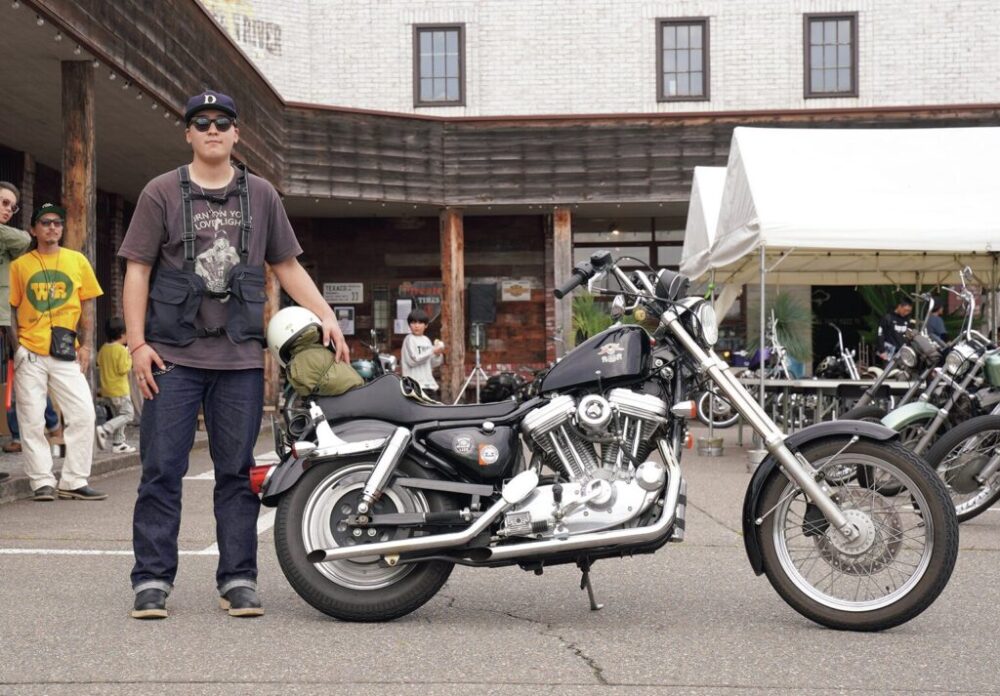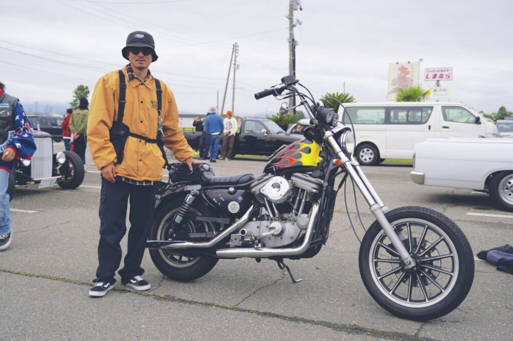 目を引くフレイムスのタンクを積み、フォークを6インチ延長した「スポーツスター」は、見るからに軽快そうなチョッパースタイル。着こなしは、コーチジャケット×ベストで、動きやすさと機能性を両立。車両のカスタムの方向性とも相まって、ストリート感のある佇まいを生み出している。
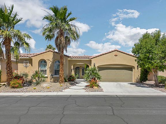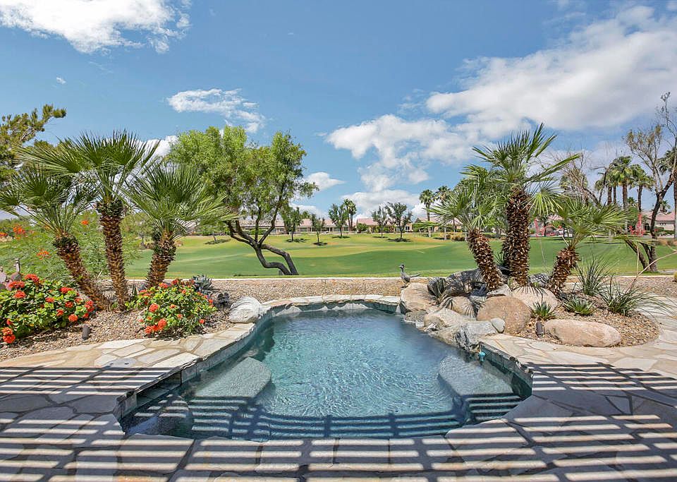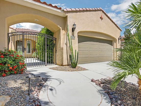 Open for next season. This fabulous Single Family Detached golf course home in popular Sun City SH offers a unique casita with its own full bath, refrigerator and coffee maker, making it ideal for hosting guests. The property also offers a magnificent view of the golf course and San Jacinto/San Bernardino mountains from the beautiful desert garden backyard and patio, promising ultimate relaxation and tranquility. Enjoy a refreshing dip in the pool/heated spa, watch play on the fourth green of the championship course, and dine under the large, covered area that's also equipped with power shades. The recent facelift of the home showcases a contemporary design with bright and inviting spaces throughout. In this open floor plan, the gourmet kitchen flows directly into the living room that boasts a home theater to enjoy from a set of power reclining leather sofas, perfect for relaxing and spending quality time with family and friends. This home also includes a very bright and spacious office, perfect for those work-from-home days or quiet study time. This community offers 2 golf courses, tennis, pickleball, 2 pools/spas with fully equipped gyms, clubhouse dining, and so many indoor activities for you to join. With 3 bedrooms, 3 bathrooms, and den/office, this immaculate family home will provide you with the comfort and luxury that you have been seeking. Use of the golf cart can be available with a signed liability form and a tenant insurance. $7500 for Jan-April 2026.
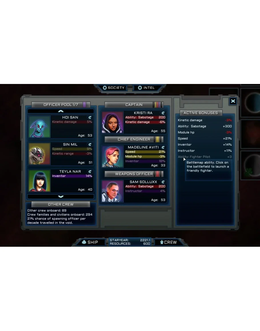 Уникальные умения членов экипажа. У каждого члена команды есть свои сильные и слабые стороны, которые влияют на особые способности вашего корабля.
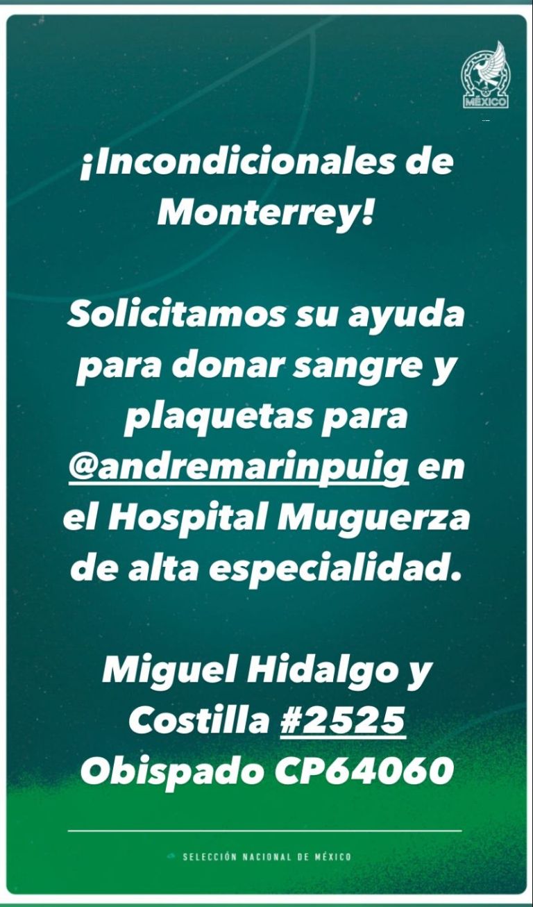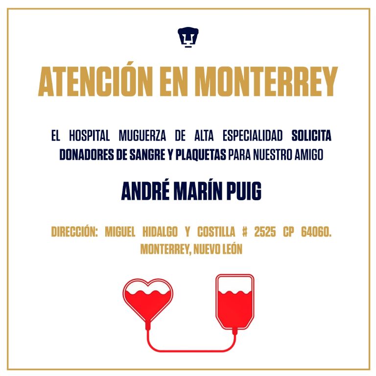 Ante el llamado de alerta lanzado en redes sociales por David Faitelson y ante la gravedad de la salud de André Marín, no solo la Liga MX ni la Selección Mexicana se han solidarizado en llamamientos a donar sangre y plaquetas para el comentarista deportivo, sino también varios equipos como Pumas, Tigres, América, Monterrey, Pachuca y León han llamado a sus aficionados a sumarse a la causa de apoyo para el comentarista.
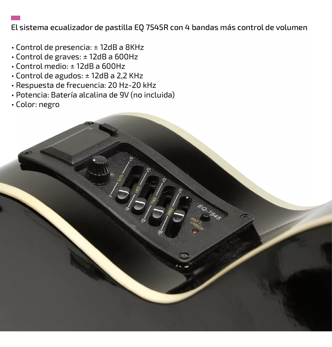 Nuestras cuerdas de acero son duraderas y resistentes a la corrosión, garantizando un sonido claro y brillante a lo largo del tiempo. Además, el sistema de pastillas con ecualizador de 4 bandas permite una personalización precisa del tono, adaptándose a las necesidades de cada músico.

--

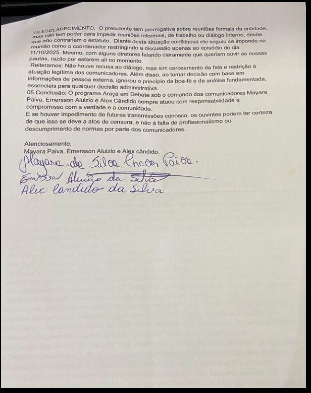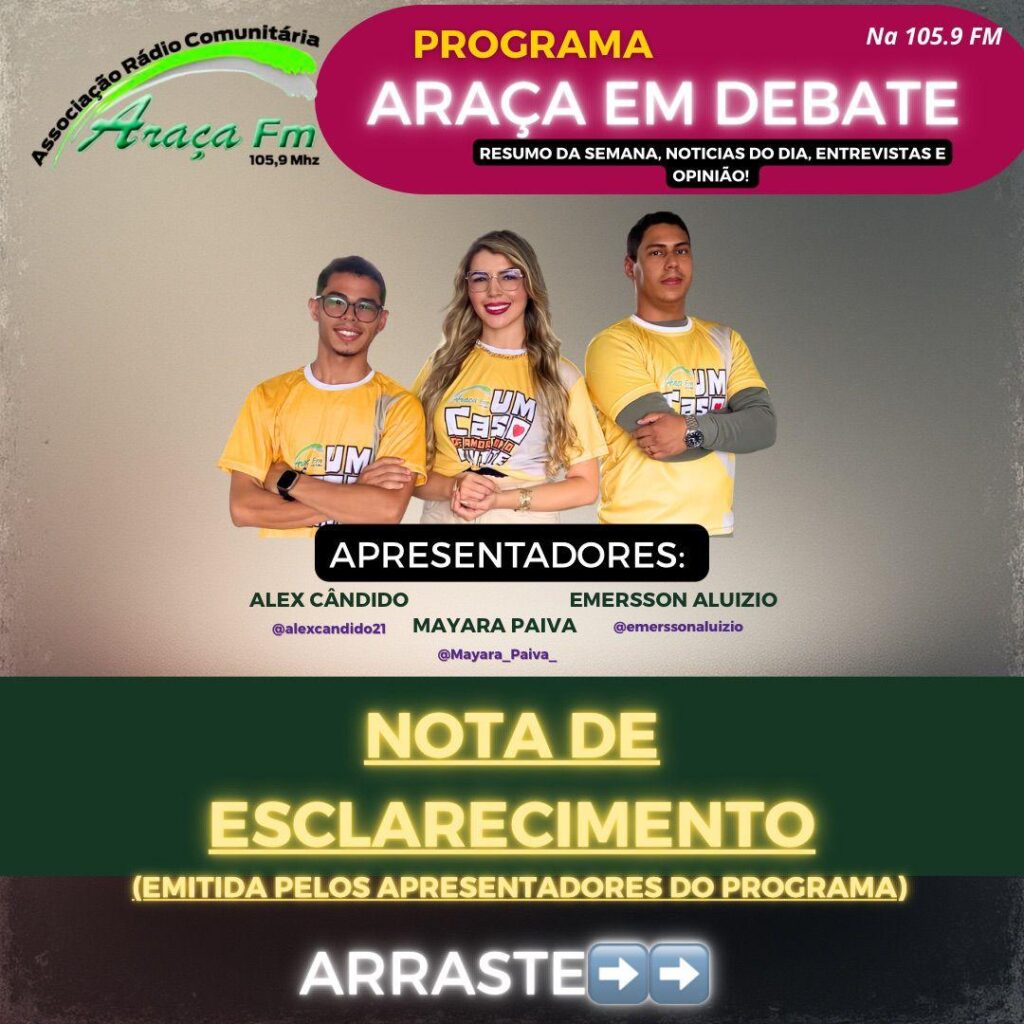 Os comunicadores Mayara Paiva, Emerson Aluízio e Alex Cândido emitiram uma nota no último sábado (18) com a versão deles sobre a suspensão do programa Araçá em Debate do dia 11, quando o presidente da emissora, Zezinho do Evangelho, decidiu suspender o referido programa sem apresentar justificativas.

---

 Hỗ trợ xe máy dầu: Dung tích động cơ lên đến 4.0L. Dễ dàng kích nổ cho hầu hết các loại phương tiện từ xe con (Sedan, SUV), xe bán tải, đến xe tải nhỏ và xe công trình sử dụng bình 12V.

**Directions for this task:** Could the stretch from the line with "Уникальные умения членов" through the line with "Nuestras cuerdas de" in the listing above be restated word for word, minus the pictures?

**Answer to the problem:**
 Уникальные умения членов экипажа. У каждого члена команды есть свои сильные и слабые стороны, которые влияют на особые способности вашего корабля.
 Ante el llamado de alerta lanzado en redes sociales por David Faitelson y ante la gravedad de la salud de André Marín, no solo la Liga MX ni la Selección Mexicana se han solidarizado en llamamientos a donar sangre y plaquetas para el comentarista deportivo, sino también varios equipos como Pumas, Tigres, América, Monterrey, Pachuca y León han llamado a sus aficionados a sumarse a la causa de apoyo para el comentarista.
 Nuestras cuerdas de acero son duraderas y resistentes a la corrosión, garantizando un sonido claro y brillante a lo largo del tiempo. Además, el sistema de pastillas con ecualizador de 4 bandas permite una personalización precisa del tono, adaptándose a las necesidades de cada músico.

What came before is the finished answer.